日曜日の食卓で

とりとめなのない話が書かれていると思います

ピュアな批評とはこういうものである。

綾波レイが表紙を飾ってます大人は判ってくれない 野火ノビタ批評集成」(著:野火ノビタ 発行:日本批評社 価格:1,700円+TAX ASIN:4535583676)。マンガ家榎本ナリコこと野火ノビタの評論集である。批評の対象になっているのは「新世紀エヴァンゲリオン」「幽★遊★白書」と「ヤオイ」。おいらは「幽★遊★白書」をマンガもアニメも知らないのでここのページはとばし、エヴァヤオイの章だけ読んだ。特に感心したのはヤオイの分析である。

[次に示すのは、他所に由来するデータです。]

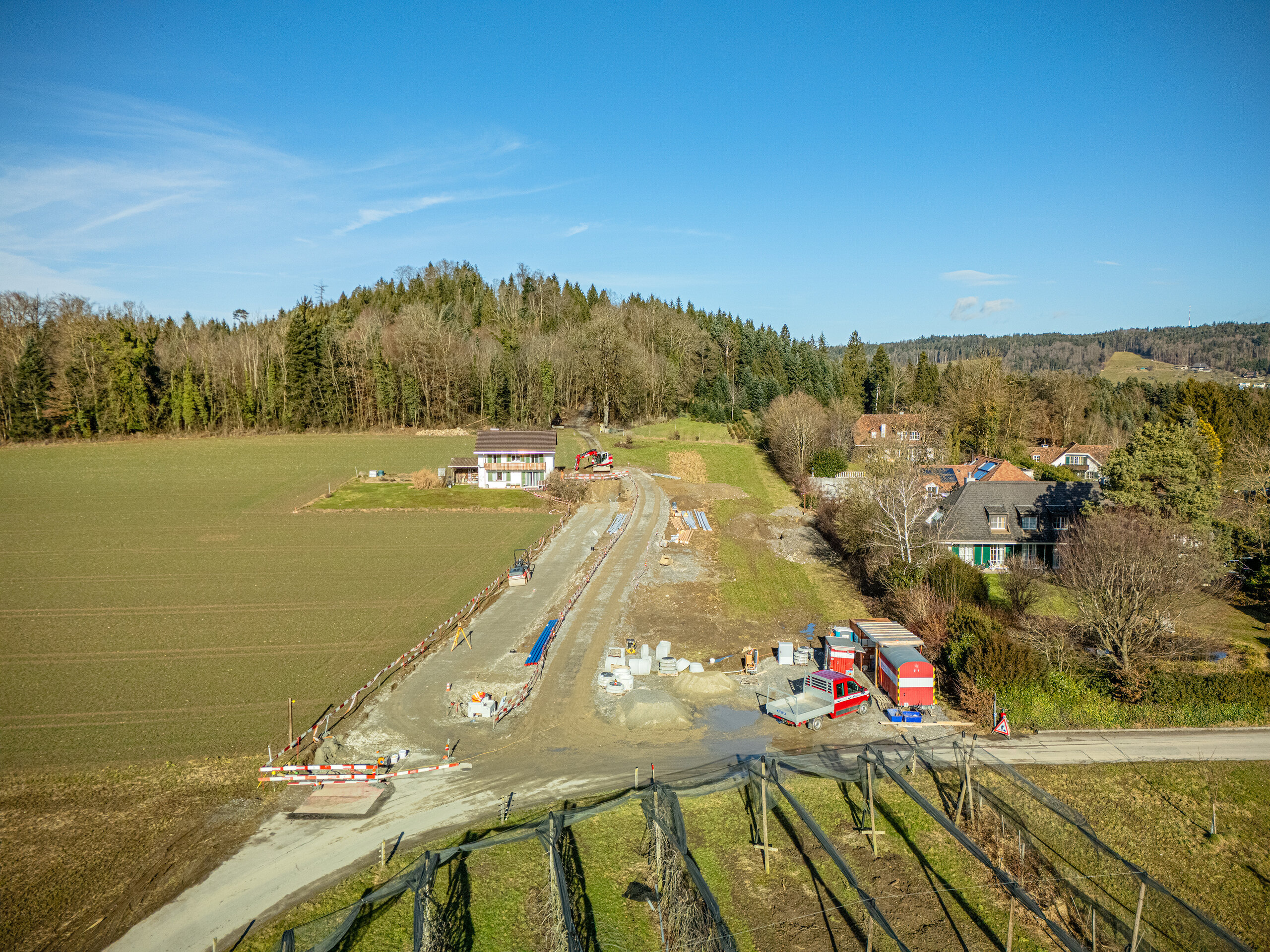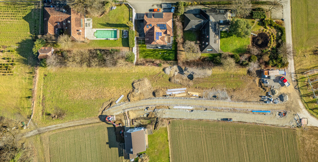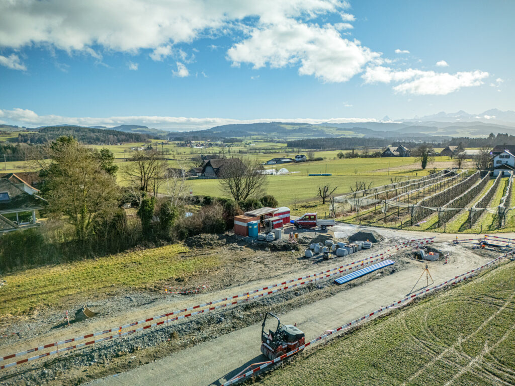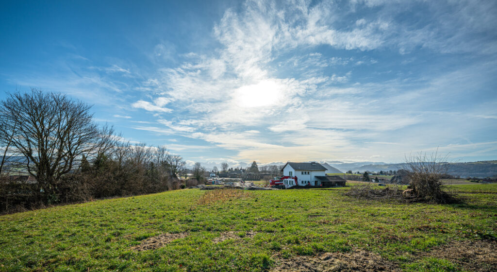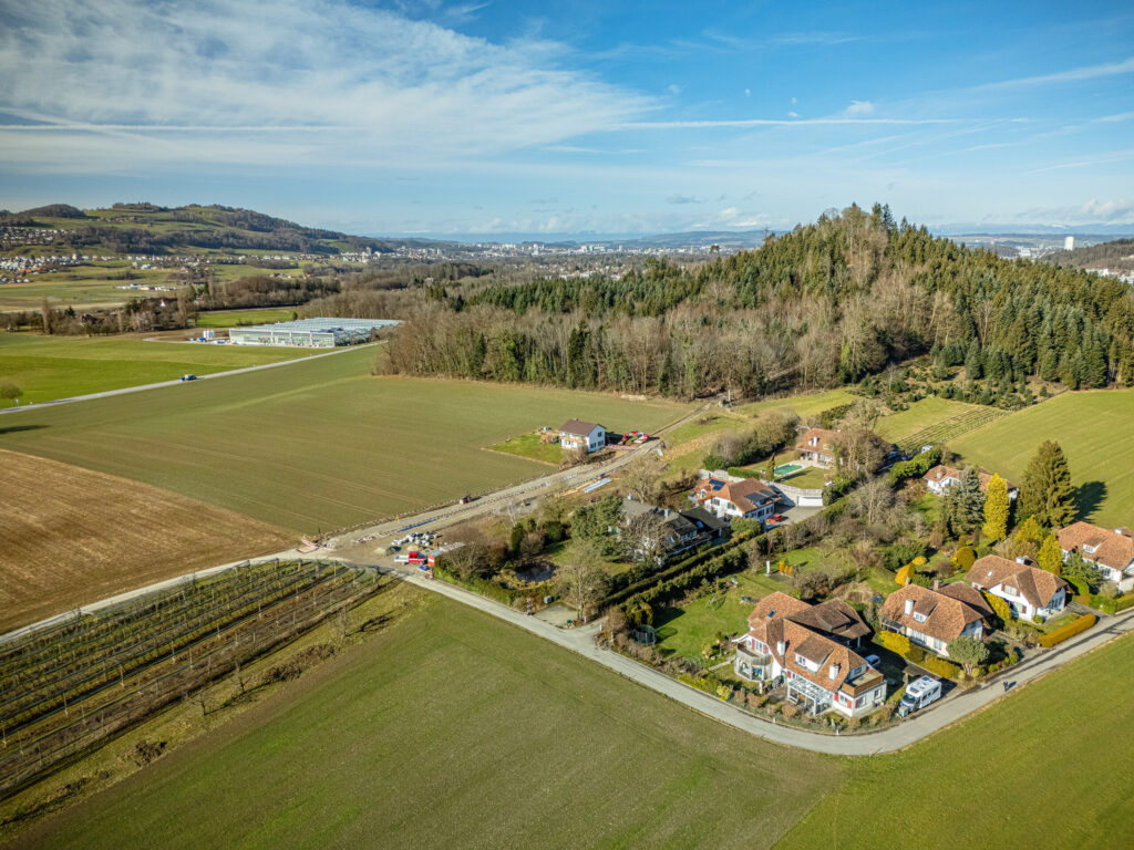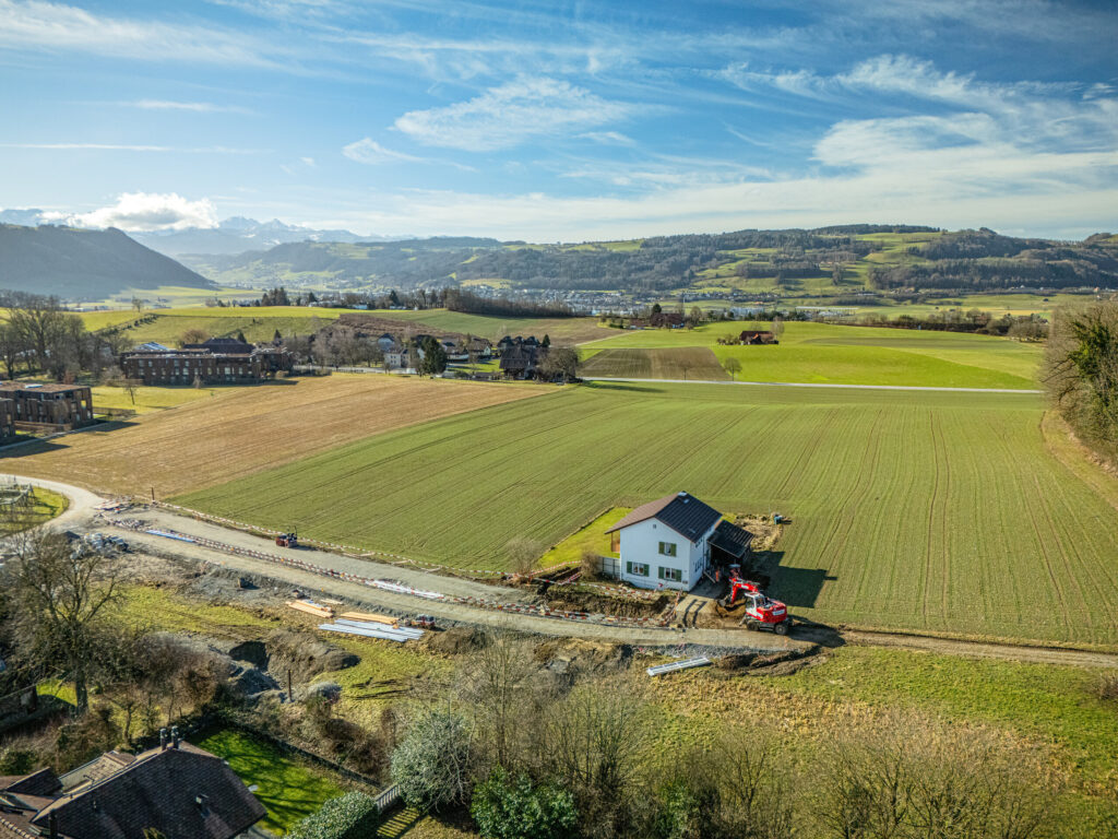 In Allmendingen bei Bern entsteht ein Neubauprojekt mit sechs Einfamilienhäusern, das modernen Wohnkomfort mit ländlicher Idylle verbindet. Statt maximaler Verdichtung setzt das Projekt auf grosszügige Freiräume, eine harmonische Architektur und eine eindrucksvolle Aussicht auf die Voralpen und Alpen. Eine verkehrsberuhigte Spielstrasse schafft zusätzlichen Mehrwert für Familien und sorgt für ein angenehmes Wohnumfeld.

ボーイズラブものとヤオイを区別する分析で、ヤオイカップルが“去勢された男=受け”と“去勢したペニスをつけた男=責め”と論じ、その作り手・読み手としての女性がこのカップリングによって初めて自らの性を差別・区別されず、相手と対等な関係の中で欲望の主体になれる、という発言は興味深かった。女性が欲望の主体になりきれない、常に欲望される側=客体であるのがその身体構造=ペニスの不在というのはおいらも考えてはいたけれど、女性自らが理路整然と(それも高校卒業程度の読解力があれば読める文章で)書かれているのはなかなか得難い読書体験だった(うう、手元にその本がないんでちと文章が弱いぞ)。

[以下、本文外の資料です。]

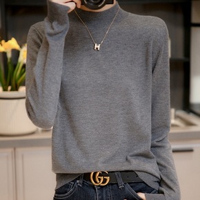 羊毛衫女士100 纯羊毛精纺薄款微透毛衣针织衫半高...
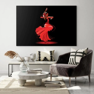 Üveg kép - Flamenco táncos piros ruhában, fekete háttér előtt - 70x50cm - A flamenco tüzes szelleme - Modern fali dekoráció nappalihoz és hálószobához ARTTOR
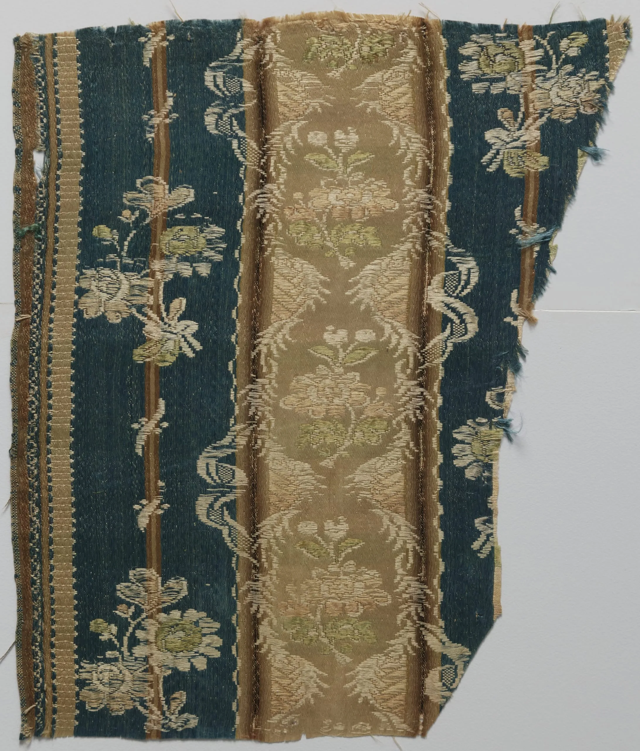 Woven silk textile fragment with vertical stripes in teal blue and tan, decorated with repeating cream and gold floral motifs; edges frayed
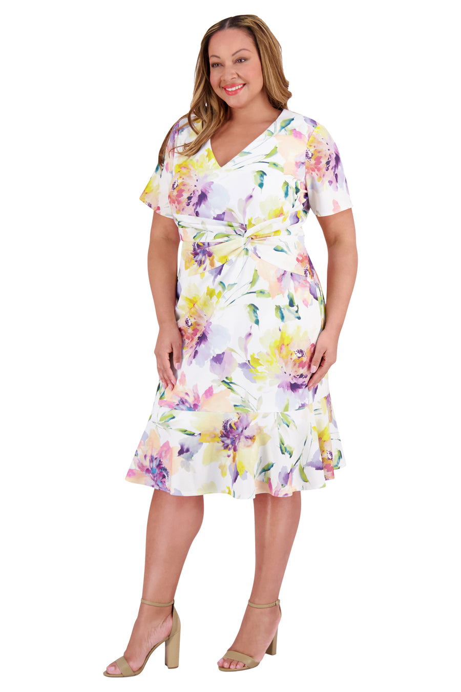 The Brandi dress returns in a dreamy new watercolor print! This customer favorite silhouette features a flattering twist-front detail and V-neckline that work together to create the perfect silhouette. The elbow-length sleeves and flounce hem add just the right feminine touches. Perfect for garden weddings, graduation ceremonies, or those special mother-of-the-bride moments. The midi length keeps things perfectly polished!
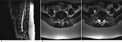 Klinisk hadde vår pasient utfall som ved cauda equina-syndrom. Med dette menes som regel en tilstand som skyldes skiveprolaps med affeksjon av sakrale nerverøtter, men andre romoppfyllende prosesser, som tumor eller blødning, kan gi tilsvarende symptomer og funn. Myelitt med affeksjon av conus er også en differensialdiagnose. Smerten er som regel betydelig ved store prolapser med nerverotaffeksjon. Vår pasient hadde ikke på noe tidspunkt i forløpet hatt smerter, verken utstrålende eller i korsryggen. Det var imidlertid tydelige sensoriske utfall og en sannsynlig sensorisk blæreparalyse.

読みながら思い出したのは、20代の頃に読んでいた雑誌「rockin' on」だった。結局、と云ってしまうとあまりに批評それ自体を矮小化してしまうが、やはり少なくともおいらにとって“批評”とは「私とは誰か?」という問いかけがそのスタートなのだと思う。この作品に感動・共感してしまっている自分とは何者か? その謎への冒険が、言葉を批評へと形作らせるのだ。今はよく知らんがおいらが読んでいた頃の「rockin' on」の批評は、主宰の渋谷陽一がそうだったように、客観的分析よりも主体的な分析がメインだった。自分にとって、という取り換えのきかない設問への真摯さが、その批評文の精度を保証するのだ。この「大人は判ってくれない」という批評集成もまた、いわゆるオタクのジャンルに含まれる作品やジャンルを、ただ自分の問題として問いかけている。はっきり云ってしまうが、おいらはこーゆうのを読みたかったんである。同人で出している他の批評集も読んでみたいぞ。